In the fourth quarter of fiscal 1999, earnings of $16.6 million from the discontinued specialty retailing operations increased net earnings to $86.4 million, or $1.20 per share.

Mr. Smith said, We are very pleased that the momentum from our exceptionally strong third quarter continued through year-end, with each of our four groups contributing to the fourth quarter operating earnings gains. This is an impressive performance given that the fourth quarter of 1999 was a very strong period. The Education Group had fourth quarter revenues of $242.2 million, up 14.0 percent from $212.4 million a year ago, and operating earnings of $69.4 million, a 5.8 percent increase from $65.6 million the prior year.

The Group’s performance in the quarter was led by Harcourt School, which had substantial double digit gains in both revenues and operating earnings, according to Mr. Smith.

Mr.
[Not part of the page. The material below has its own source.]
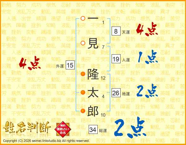 一(1画)見(7画) 隆(12画)太(4画)郎(10画)
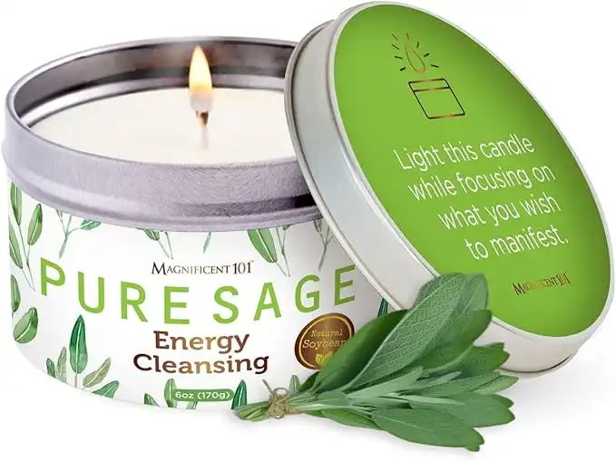 PURE SAGE MAGNIFICENT101 White Smudge Candle for Home Energy Cleansing, Banishes Negative Energy I Purification and Chakra Healing - Natural Soy Wax Tin Candle for Aromatherapy ( White )

Knez concluded, We are gratified by these fiscal 2000 operating results, which include continuing market share gains in our K-12 business, wider distribution of our health sciences and scientific content through new electronic media in the STM Group, and meaningful progress in growth initiatives in areas such as on-line higher education and internet-based testing and training.